The high bonnet of Idwal Jones's book, published in 1945 and now reprinted by the Modern Library Food
series, is the chef's toque, a symbol of his stature, of cooking itself. Achieving the high bonnet is the good fortune of the novel's Jean-Marie Gallois, a young confisseur
(candy maker) from Provence who has earned an apprenticeship at Paris's famed Faisen d'Or restaurant. But Jean-Marie's ascension to glory is not the novel's central concern; revealing a world entirely devoted to food--getting it, eating it, and discussing it--is. In prose as sensually provocative as the dishes his characters enjoy, Jones acquaints readers with a world dedicated to pursuing pleasure at the table and the craft that makes it, in its culinary dimension at least, most possible. The joy and art of High Bonnet
is that its readers instantly ally themselves with the characters--with their mania for dining high, low, and outrageous (on the perfect Potage Crécy and
prehistoric muskox, for example). It's an exciting feat.
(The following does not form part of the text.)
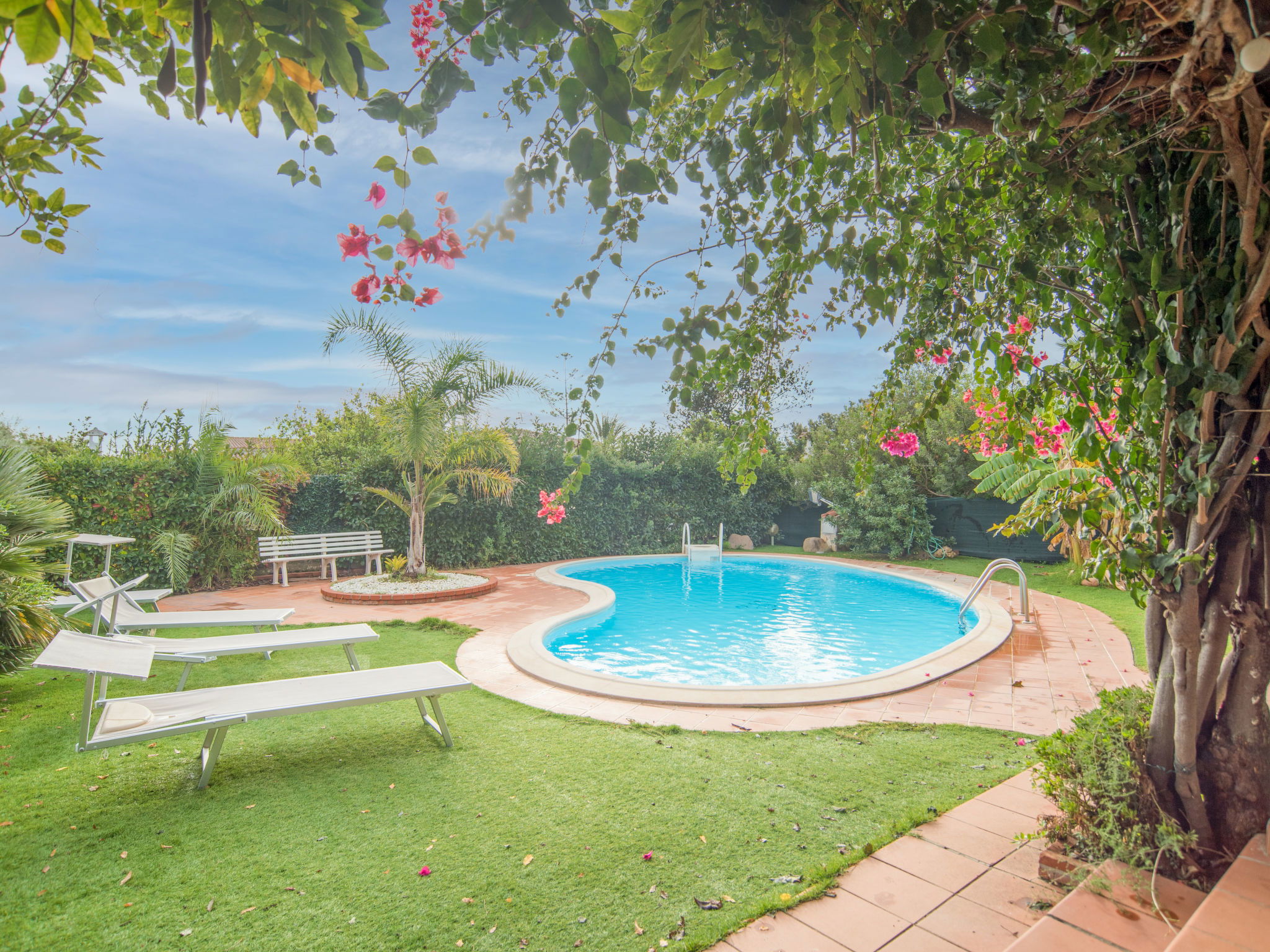 House "Giacu". In the district of Monte Nai 150 m from the centre of Costa Rei, 16 km from the centre of Villasimius, 60 km from the centre of Cagliari, 200 m from the sea. Private: property (fenced), beautiful garden with lawn, swimming pool kidney shaped (50 m2, depth 100 - 125 cm, seasonal availability: 06.May. - 31.Oct.). Outdoor shower, barbecue, parking (for 2 cars) on the premises. Shop 250 m, supermarket 350 m, restaurant 250 m, bus stop "Via Ichnusa" 50 m, railway station "cagliari" 70 km, sandy beach 200 m.

Early in the book, we meet the Baroness, who eats "with eyes half drooped, like a pigeon's in flight, allowing [a] croustade to splinter under her excellent teeth." Jones's splendid creation is also responsible for sending Jean-Marie to his apprenticeship, and thus to our encountering a Vietnamese anarchist; Guido, the roguish Italian kitchen expediter; a dwarf rôtissuer; an alcoholic waiter; a saffron-stashing sauce master, and many more extraordinary characters. Meals are enjoyed and stories are told, like that of a man "ruined by a dish," the creator of a legendary curry recipe who falls disastrously from great heights when he can no longer obtain the dish's "secret" ingredient. A philosophy is also put before us: "Never expect a perfect dinner to come from a clean kitchen," says a character; "as well as expect one from a laboratory." In our own age of mass cooking, it's particularly alluring to follow the adventures of Jean-Marie and company. High Bonnet is a window on a lost world and human activity that today cries for the book's vital passion. --Arthur Boehm
From Publishers Weekly
Jones's amusing 1945 novel, back in print for the first time in 40 years as the sixth entry in the Modern Library Food series, follows the adventures of Jean-Marie Gallois as he works his way up from apprentice saucier to chef de cuisine (along the way earning his "high bonnet") in renowned French restaurants. This is not, however, a novel about kitchen politics or about a young provincial becoming a Parisian man-about-town. This is a novel about food with a capital F, about meals, extravagant meals, had in fine dining rooms, country gardens and filthy taverns alike. As Anthony Bourdain (author of Kitchen Confidential) says in an introduction, in this book "everyone" from Jean-Marie's confectioner uncle to the Gypsy coppersmith who mends the kitchen pots "is a gourmet or a gourmand, racing through life oblivious to all creature comforts but the pursuit of flavor." Jones does take care to describe the workings of a 1930s French kitchen. He seems to relish capturing all the players, from scullions to wealthy diners. But he lingers most lovingly over his descriptions of food and flavors, and the pleasure of eating. A revered chef, for instance, has "an exquisite palate... so edged that it could cleave through a strange dish and its complexities to the intent of the chef" while a young woman attracts attention not with her beauty but with her appetite. Readers who want a full-blown story will be disappointed, but those who savor food writing will be thrilled by the wit and descriptive powers of this neglected author.